Three questions before installing any skill:

  1. Does it match a tool you actually use? A k8s skill won't help an ECS shop. An Azure skill won't help an AWS account. Match exactly.
  2. Does it have explicit guardrails? Read the SKILL.md. If you don't see "NEVER do X", "always verify Y", or a refusal pattern, it's probably a verbose persona file, not a real skill.
  3. What does it cost in context? Run /skills show <name> to see body length. Anything over ~3,000 tokens should be doing real work — references, code samples, decision trees — not vibes.

Browse the full filterable list at orangebot.ai/skills/devops.

The Picks

1. azure-deploy (microsoft/github-copilot-for-azure, ~146K installs)

The official Microsoft Azure deploy skill. Wraps azd and Terraform with built-in error recovery, retry logic, and the specific gotchas Azure throws at you (resource group naming rules, deployment slot conventions, SKU availability per region). If your stack lives in Azure App Service / Container Apps / AKS, this is the baseline.

/skills add github.com/microsoft/github-copilot-for-azure azure-deploy

When it fits: any Azure-native deploy. When it doesn't: AWS or GCP — use the analogous official skills.

2. azure-diagnostics (microsoft/github-copilot-for-azure, ~145K installs)

The companion to azure-deploy. Reads Application Insights, Log Analytics, and resource-level metrics to triage a failing service. Worth installing even if you don't use the deploy skill — when something is broken at 11 PM, having an agent that knows the KQL query patterns for Azure logs saves an hour of doc-diving.

When it fits: troubleshooting Azure Container Apps, Function Apps, App Service issues. When it doesn't: AWS CloudWatch / Datadog work — use observability-specific skills.

3. azure-validate (microsoft/github-copilot-for-azure, ~146K installs)

Pre-deployment Bicep/Terraform template validator. Catches the typos that cost 20 minutes of azd up rollback. Smaller and lower-risk than the deploy skill — even shops with custom CD pipelines often run this as a manual gate.

When it fits: any IaC author touching Bicep/Terraform for Azure. When it doesn't: cdk/Pulumi codebases.

4. azure-observability (microsoft/github-copilot-for-azure, ~115K installs)

Specialized in Azure Monitor metrics, App Insights APM, and Log Analytics KQL queries. This is the skill that knows the difference between a requests/duration Application Insights query and a Perf | where ObjectName == "Processor" Log Analytics query. Pair with azure-diagnostics for the full observability loop.
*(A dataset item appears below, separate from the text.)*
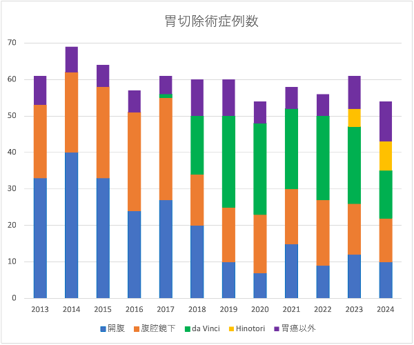 胃の手術症例は局所切除を除き年間50例を超えます。このうち 約半数はロボット手術を、3-4割は腹腔鏡手術を行っています。

When it fits: Azure-hosted services with App Insights instrumented. When it doesn't: OpenTelemetry-only stacks pushing to Tempo/Loki.

5. azure-rbac (microsoft/github-copilot-for-azure, ~146K installs)

Identifies the right RBAC role for a task and generates the az role assignment CLI or Bicep snippet. Saves you from the perennial "what's the minimal-permission role for a service principal that needs to read a Storage container and push to Key Vault?" question. Refuses to recommend Owner or Contributor unless you really insist.

When it fits: any Azure security work. When it doesn't: AWS IAM (use the analogous AWS skill).

6. azure-cost-optimization (microsoft/github-copilot-for-azure, ~146K installs)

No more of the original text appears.